**Work to complete**: In the data below, find the line with "All that part" and the line with "Puddle of Wax", then restate both and every line between them exactly, minus the pictures.

**Entries provided**:

= Beginning of Section =

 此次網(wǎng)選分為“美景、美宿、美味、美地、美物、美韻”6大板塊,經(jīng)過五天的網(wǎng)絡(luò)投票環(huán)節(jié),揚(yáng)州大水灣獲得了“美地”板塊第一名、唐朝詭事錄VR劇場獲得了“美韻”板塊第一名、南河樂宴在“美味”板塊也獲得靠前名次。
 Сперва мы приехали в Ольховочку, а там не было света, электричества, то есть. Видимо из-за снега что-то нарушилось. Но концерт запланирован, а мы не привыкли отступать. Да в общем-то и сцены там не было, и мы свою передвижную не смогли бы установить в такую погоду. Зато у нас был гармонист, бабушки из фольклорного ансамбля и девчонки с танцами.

= End of Section =
= Beginning of Section =

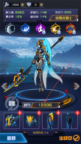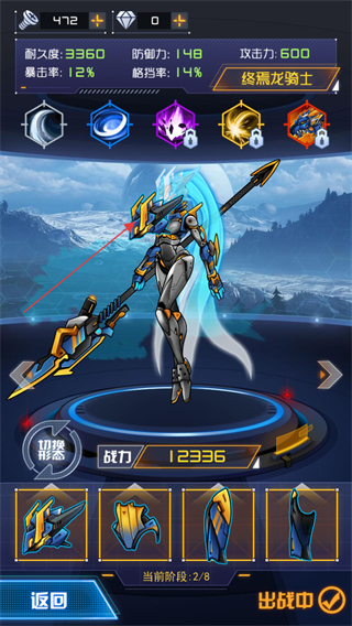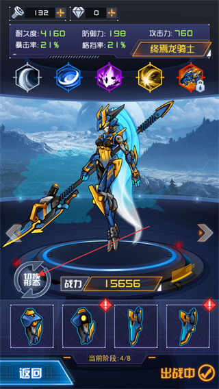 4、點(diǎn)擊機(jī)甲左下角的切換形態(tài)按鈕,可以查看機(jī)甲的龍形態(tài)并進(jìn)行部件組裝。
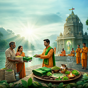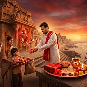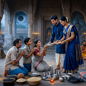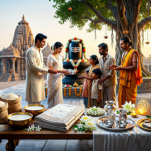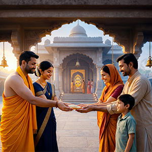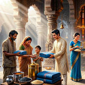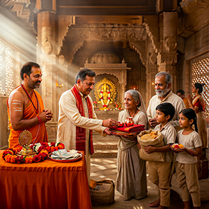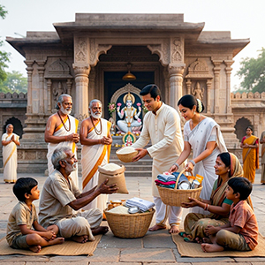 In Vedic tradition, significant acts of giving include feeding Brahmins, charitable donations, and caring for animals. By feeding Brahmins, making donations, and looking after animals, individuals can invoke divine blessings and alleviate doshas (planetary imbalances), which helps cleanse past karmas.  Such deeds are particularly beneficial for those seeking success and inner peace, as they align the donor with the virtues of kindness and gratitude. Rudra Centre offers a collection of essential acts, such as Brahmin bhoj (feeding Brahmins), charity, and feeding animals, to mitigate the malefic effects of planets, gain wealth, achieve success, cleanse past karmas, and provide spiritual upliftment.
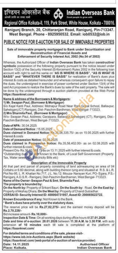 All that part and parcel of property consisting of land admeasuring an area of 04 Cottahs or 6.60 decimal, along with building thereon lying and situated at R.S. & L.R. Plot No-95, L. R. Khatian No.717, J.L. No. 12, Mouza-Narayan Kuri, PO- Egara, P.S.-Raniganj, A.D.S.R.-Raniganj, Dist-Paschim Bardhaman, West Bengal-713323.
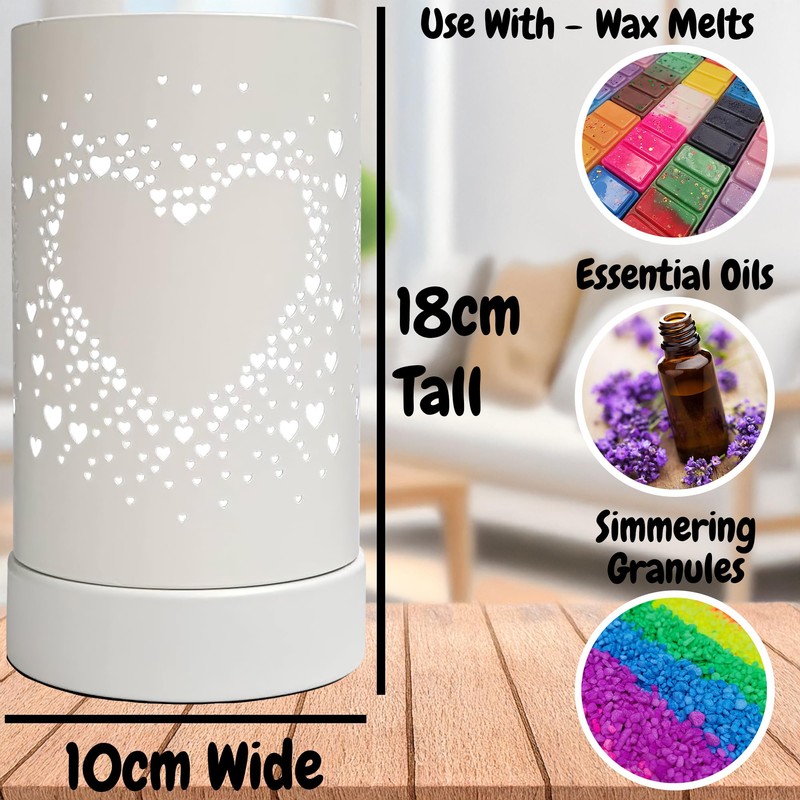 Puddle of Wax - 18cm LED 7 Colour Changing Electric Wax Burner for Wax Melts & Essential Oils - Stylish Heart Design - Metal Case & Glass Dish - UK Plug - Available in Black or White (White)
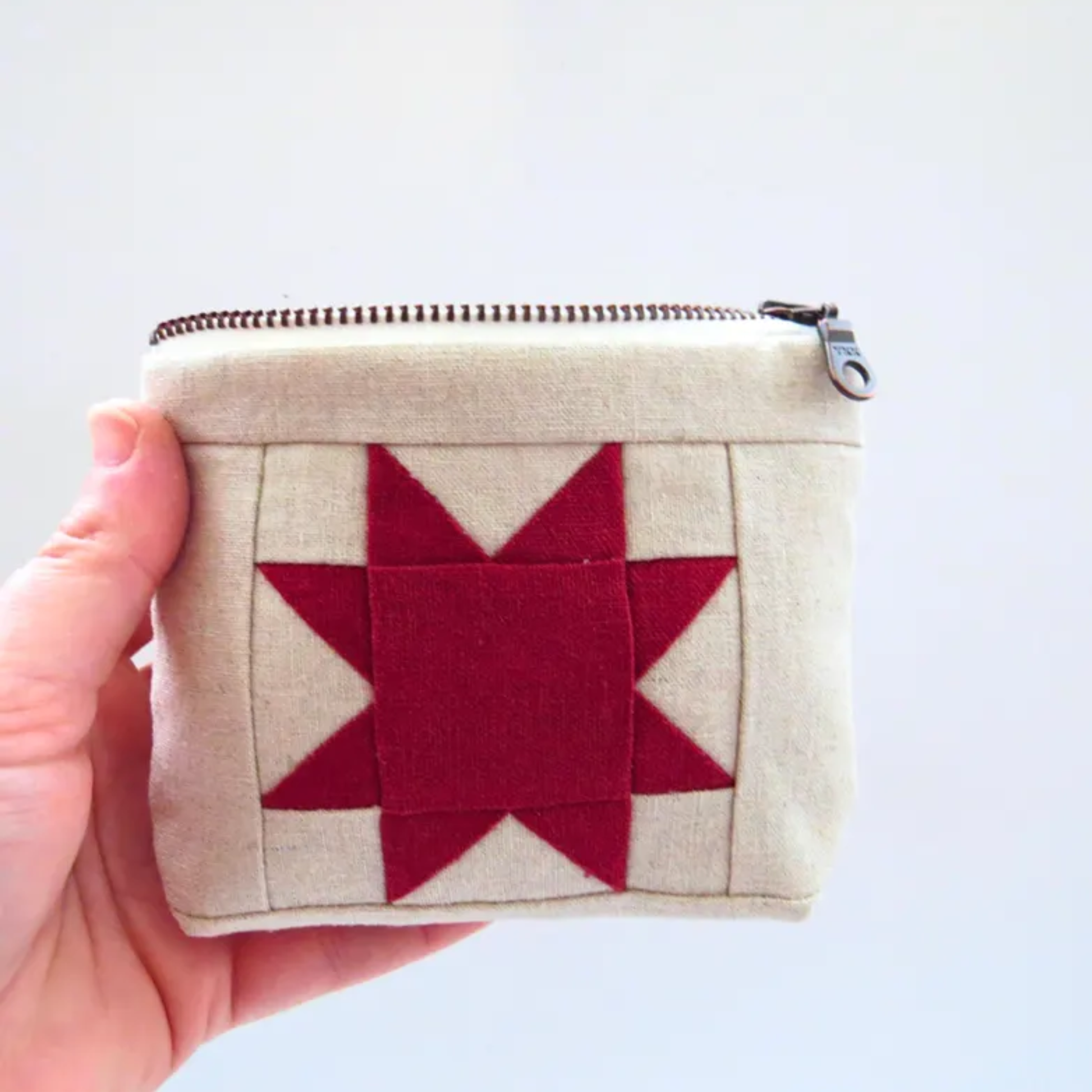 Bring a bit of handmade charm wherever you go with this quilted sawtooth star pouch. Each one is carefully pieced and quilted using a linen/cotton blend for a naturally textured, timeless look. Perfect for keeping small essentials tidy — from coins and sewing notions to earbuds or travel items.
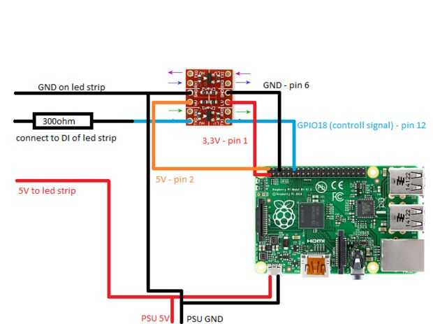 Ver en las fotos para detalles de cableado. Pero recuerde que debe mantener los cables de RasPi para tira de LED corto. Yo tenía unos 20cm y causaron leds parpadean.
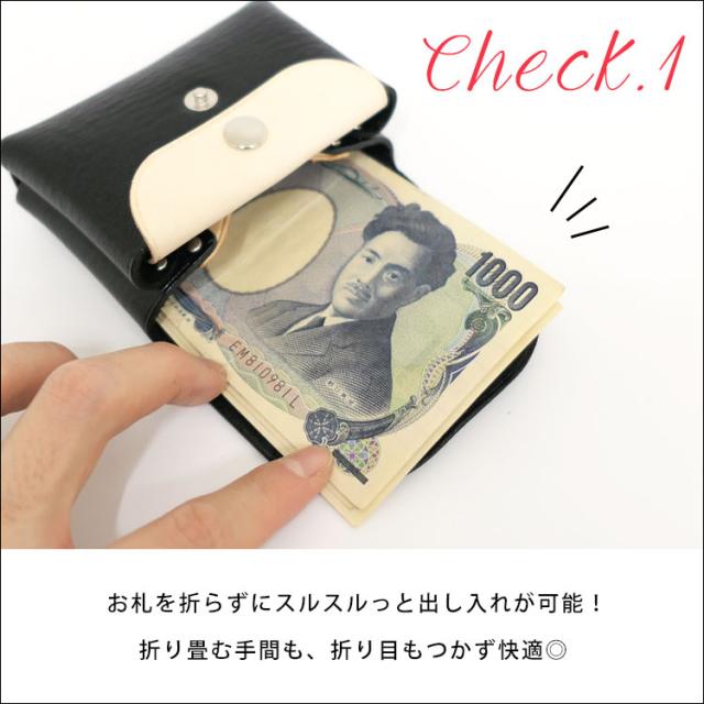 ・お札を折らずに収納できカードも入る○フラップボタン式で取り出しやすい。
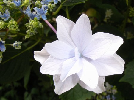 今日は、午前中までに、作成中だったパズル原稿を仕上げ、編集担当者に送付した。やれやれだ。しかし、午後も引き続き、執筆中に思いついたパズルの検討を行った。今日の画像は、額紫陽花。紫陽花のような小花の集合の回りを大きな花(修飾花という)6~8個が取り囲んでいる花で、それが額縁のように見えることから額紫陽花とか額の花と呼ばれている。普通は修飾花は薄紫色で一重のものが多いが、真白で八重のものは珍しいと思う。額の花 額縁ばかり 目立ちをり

= End of Section =

**Response to this exercise**:
 All that part and parcel of property consisting of land admeasuring an area of 04 Cottahs or 6.60 decimal, along with building thereon lying and situated at R.S. & L.R. Plot No-95, L. R. Khatian No.717, J.L. No. 12, Mouza-Narayan Kuri, PO- Egara, P.S.-Raniganj, A.D.S.R.-Raniganj, Dist-Paschim Bardhaman, West Bengal-713323.
 Puddle of Wax - 18cm LED 7 Colour Changing Electric Wax Burner for Wax Melts & Essential Oils - Stylish Heart Design - Metal Case & Glass Dish - UK Plug - Available in Black or White (White)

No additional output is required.